Naturalist and bear biologist Brad Josephs is no stranger to amazing ursine encounters. But even he was impressed by the arboreal acrobatics of the sun bears he filmed in Malaysian Borneo.

A long-time nature photographer and expedition leader for Natural Habitat Adventures, a travel outfitter and partner to the World Wildlife Fund, Josephs has seen (and captured) his share of wildlife behaviours, but the sun bears stood out. They loafed and played just like other animals do, with one key difference: they were several metres up in the air as they engaged in their friendly wrestling matches.

Image: Brad Josephs

"They are such amazing climbers and are so powerful for their size, I was simply awestruck while observing them," says Josephs, who captured the footage while volunteering at the Bornean Sun Bear Conservation Centre (BSBCC). "I honestly think they are the toughest mammals for their size on earth."

Sun bears are built for climbing. Image: Brad Josephs

The smallest bear species, the sun bear (Helarctos malayanus) is built for climbing, and those impressive, sickle-shaped claws help, too. The animals also have almost comically long tongues – up to 25 centimetres (almost ten inches) long! – which they use to extract honey and insects from the insides of trees. The namesake sun-like markings on their chests are all unique, too, ensuring that no two sun bears are exactly alike.

Long tongues come in handy for honey and insect retrieval. Image: Brad Josephs

Ranging from Bangladesh to Borneo, this is also one of the most threatened bear species in the world, classified as "Vulnerable" by the IUCN. Hunting the bears is illegal throughout their range, but poaching and capture for the black-market pet trade persist. Habitat destruction only compounds the problem.

"Climate change, which is upsetting the cycle of El Niño and La Niña, is affecting the natural patterns of fruiting fig trees, which sun bears rely on," adds Josephs. And unlike more iconic animals such as elephants, tigers, pandas and orangutans, he explains, the species doesn't get much time in the global media spotlight, so conservation funding is scarce. "It is such a grave situation."

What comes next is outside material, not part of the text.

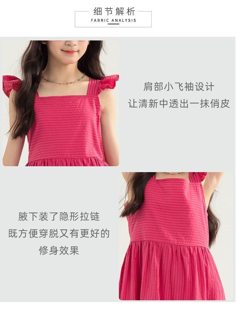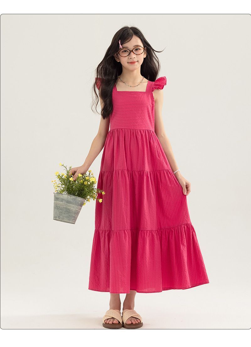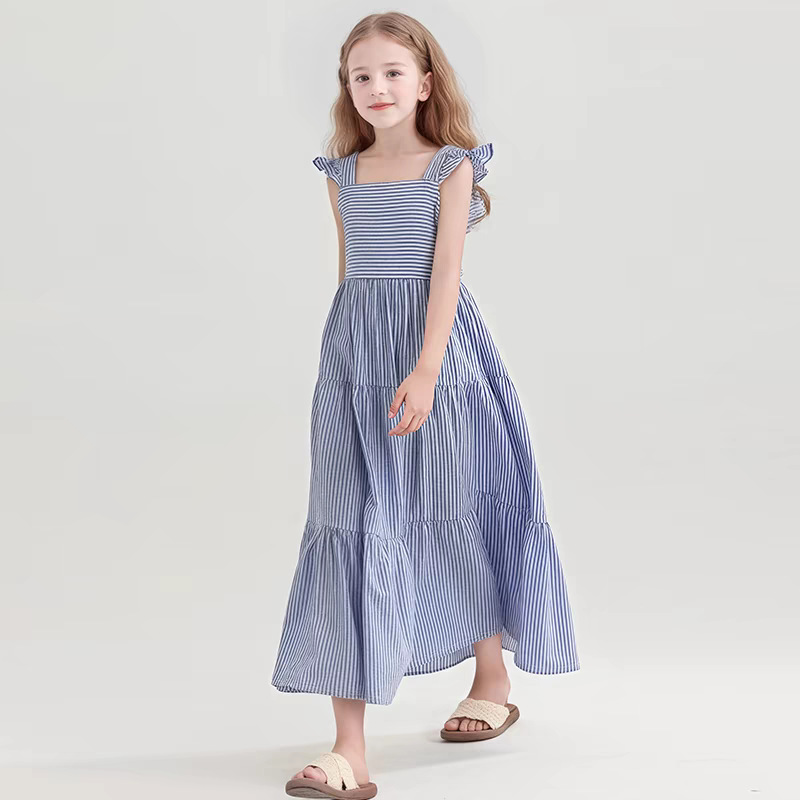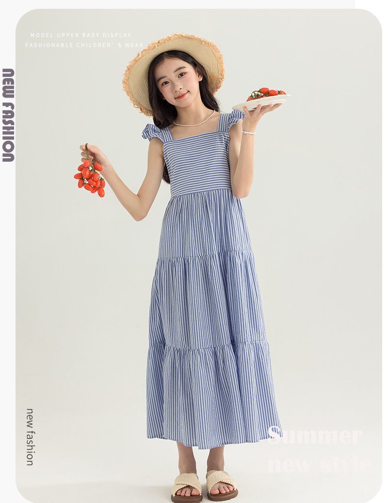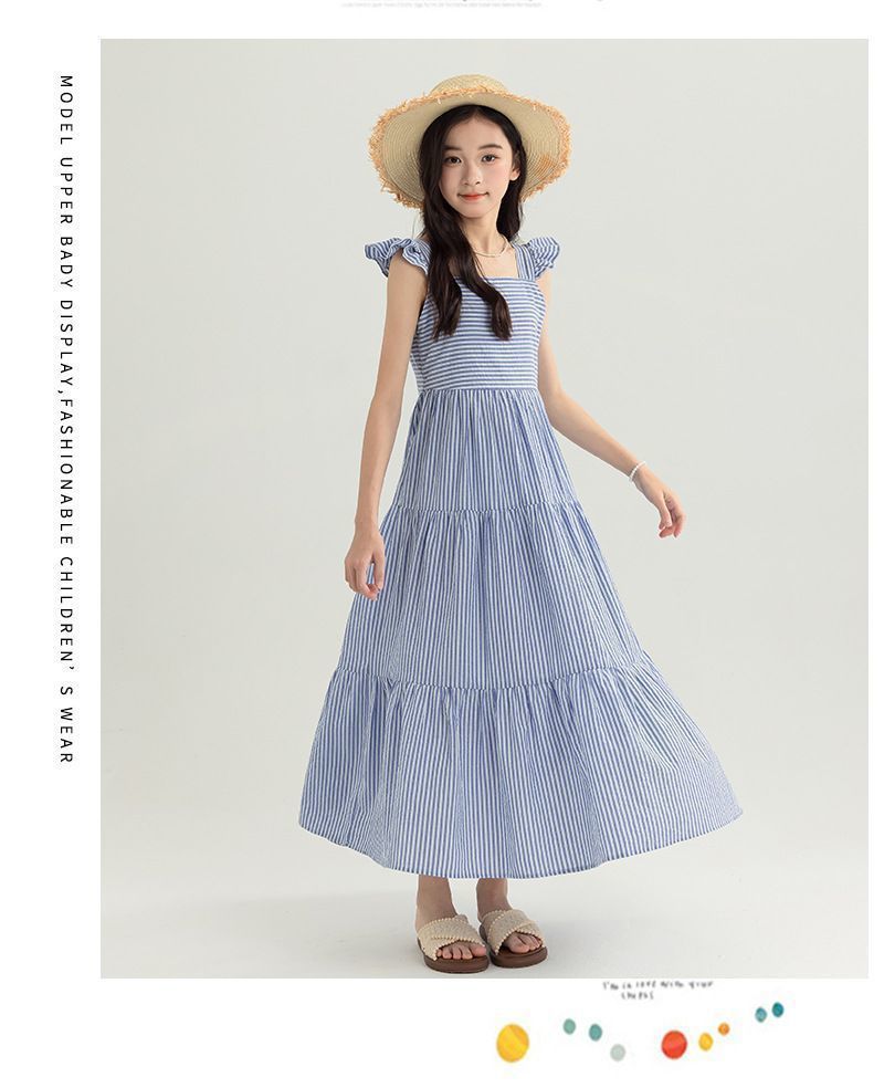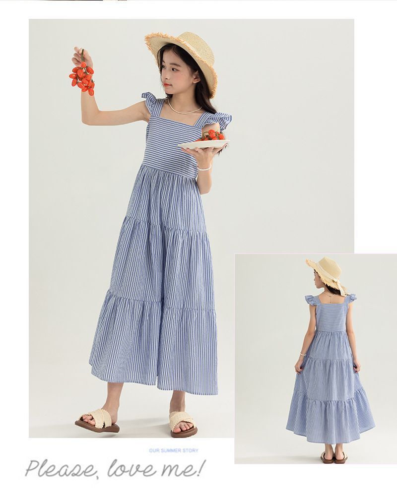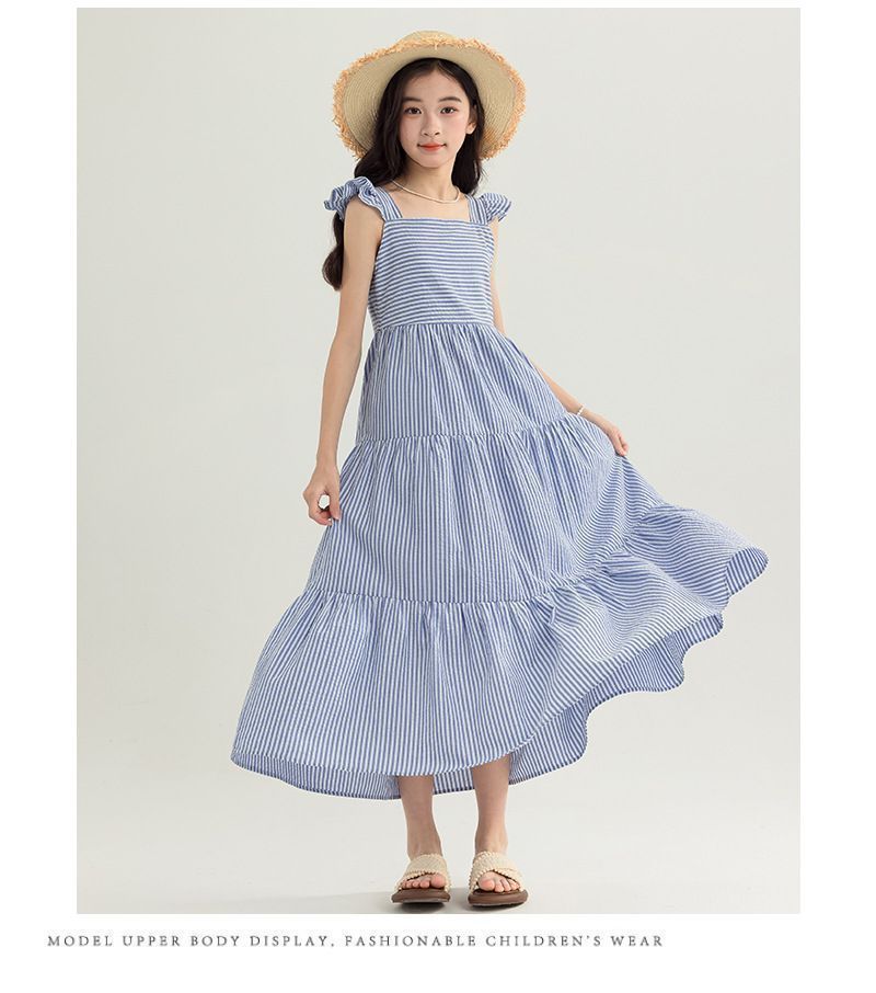 아동복 2025 여름 한국 스타일 여아 패션 스트라이프 드레스, 롱 스커트, 중대형 아동 조끼 드레스, 비치 스커트

Fortunately, some work is being done to both protect the bears and rehabilitate them when they clash with their encroaching human neighbours. The BSBCC, for example, recently managed to successfully re-release a captive sun bear back into the wild – only the second time this has ever been accomplished – and there are efforts underway to bring global awareness of the bears' plight, such as the Save the Sun Bear Campaign.

For Josephs, any effort to protect these small, remarkably acrobatic bears with ridiculously long tongues is welcome. "They are also incredibly intelligent, and hilariously cute at times," he says. "It didn't take very long for me to fall in love with them."